The Office Of Fair Trading has been investigating the practice of in-app purchases, "drip pricing" and aggressive micro-transactions over the last few months, following numerous cases of consumers and children racking up exorbitant bills. Their report concludes that many games are "potentially unfair" in the way they encourage extra payments - and to combat this, they've proposed several new principles that apps and games should adhere to or risk "enforcement action."
We've got the principles and details below.
The OFT investigation found that some games included potentially unfair and aggressive commercial practices to which children may be particularly susceptible. For example, games implying the player would somehow be letting other players or characters down if they did not obtain something by making an in-game purchase.
"'This is a new and innovative industry that has grown very rapidly in recent years, but it needs to ensure it is treating consumers fairly and that children are protected," explains Cavendish Elithorn, OFT Executive Director. "The way the sector has worked with us since we launched our investigation is encouraging, and we've already seen some positive changes to its practices. These principles provide a clear benchmark for how games makers should be operating. Once they are finalised, we will expect the industry to follow them, or risk enforcement action.
"In the meantime, we want to hear what parents, consumer groups, industry and anyone else with an interest thinks about our principles before we finalise them later this year."
You can read the report in full for examples and an in-depth explanation, but here are the proposed princples:
1: Information about the costs associated with a game should be provided clearly, accurately and prominently up-front before the consumer begins to play, download or sign up to it or agrees to make a purchase.
2: All material information about the game should be clear, accurate, prominent and provided up-front, before the consumer begins to play, download or sign up to it or agrees to make a purchase. ‘Material information’ includes any information necessary for the average consumer to make an informed decision to play, download or sign up to the game or to make a purchase.

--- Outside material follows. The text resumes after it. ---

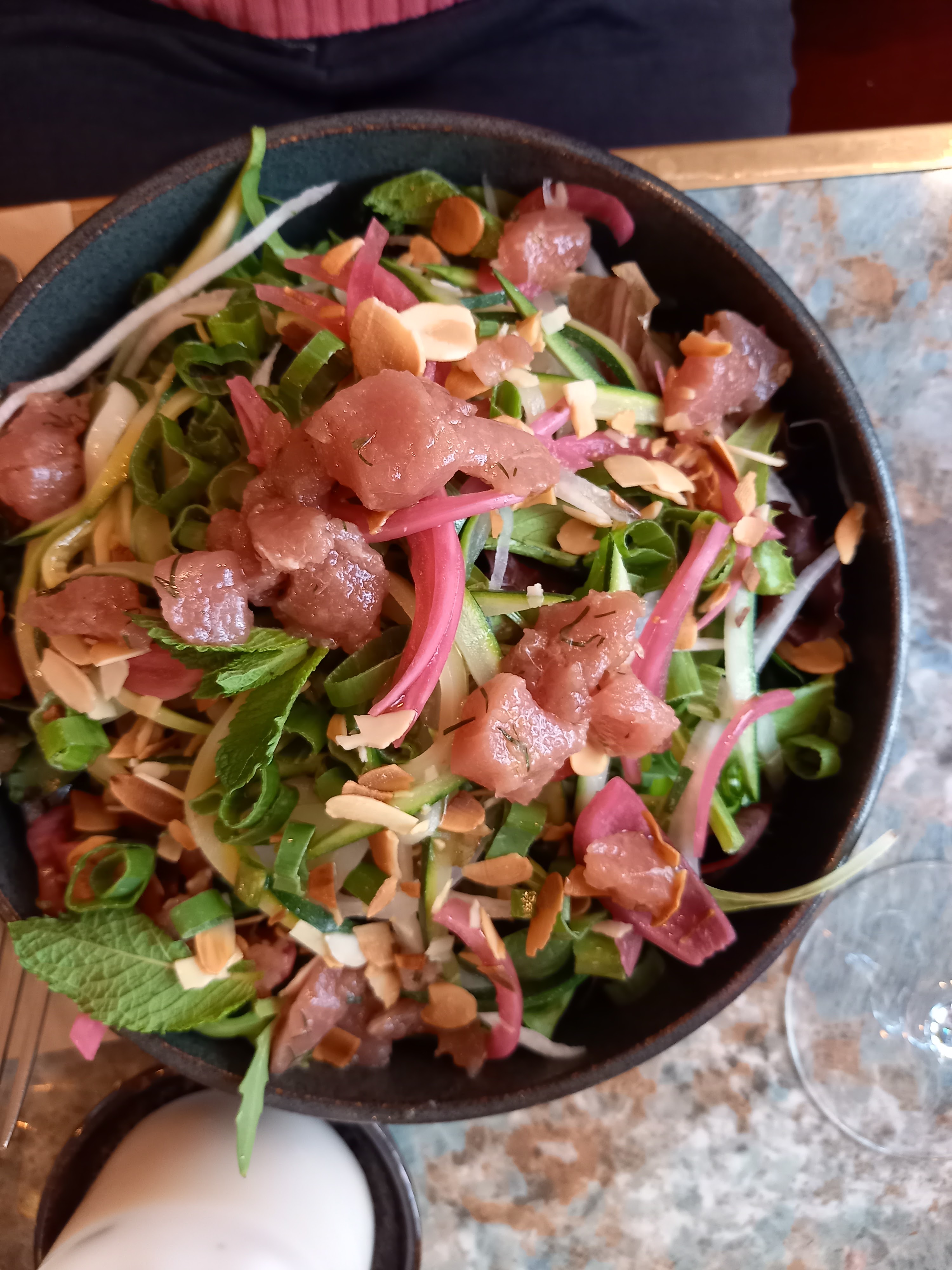 Je ne suis pas personnellement allé dans ce restaurant, mais mon fils m'a fait un rapport détaillé que je transmet (il n'a pas le temps de s'en occuper lui même). le décor est simple mais sympa. les plats ont l'air frais et ils sont goutus comme il se doit. il a particulièrement apprécié les tranches de lard transparentes sur son plat voir les 2 photos en dessous du commentaire. les desserts aussi sont excellents. le prix est un peu élevé mais globalement correct en fonction de la qualité des produits proposés. je note une offre de pizza végétarienne et sans gluten qui pourrait intéresser beaucoup de clients potentiels.

3: Information about the business should be clear, accurate, prominent and provided up-front, before the consumer begins to play, download or sign up to the game or agrees to make a purchase. It should be clear to the consumer who he/she ought to contact in case of queries or complaints. The business should be capable of being contacted rapidly and communicated with in a direct and effective manner.
4: The commercial intent of any in-game promotion of paid-for content, or promotion of any other product or service, should be clear and distinguishable from gameplay
5: A game should not mislead consumers by giving the false impression that payments are required or are an integral part of the way the game is played if that is not the case.
6: Games should not include practices that are aggressive, or which otherwise have the potential to exploit a child’s inherent inexperience, vulnerability or credulity. The younger a child is, the greater the likely impact those practices will have, and the language, design, visual interface and structure of the game should take account of that.
7: A game should not include direct exhortations to children to make a purchase or persuade others to make purchases for them.
8: Payments should not be taken from the payment account holder unless authorised. A payment made in a game is not authorised unless informed consent for that payment has been given by the payment account holder. The scope of the agreement and the amount to be debited should be made clear to the consumer so he/she can give informed consent. Consent should not be assumed, for example through the use of opt-out provisions, and the consumer should positively indicate his/her informed consent.
The OFT is currently seeking feedback on these guidelines before ratifying them later this year - at which point, games that breach them could be subject to "enforcement action." It's worth noting that setting out guidelines and actually enforcing them are two very different things, especially since proving some of these points could be immensely difficult, but could this be a step in the right direction?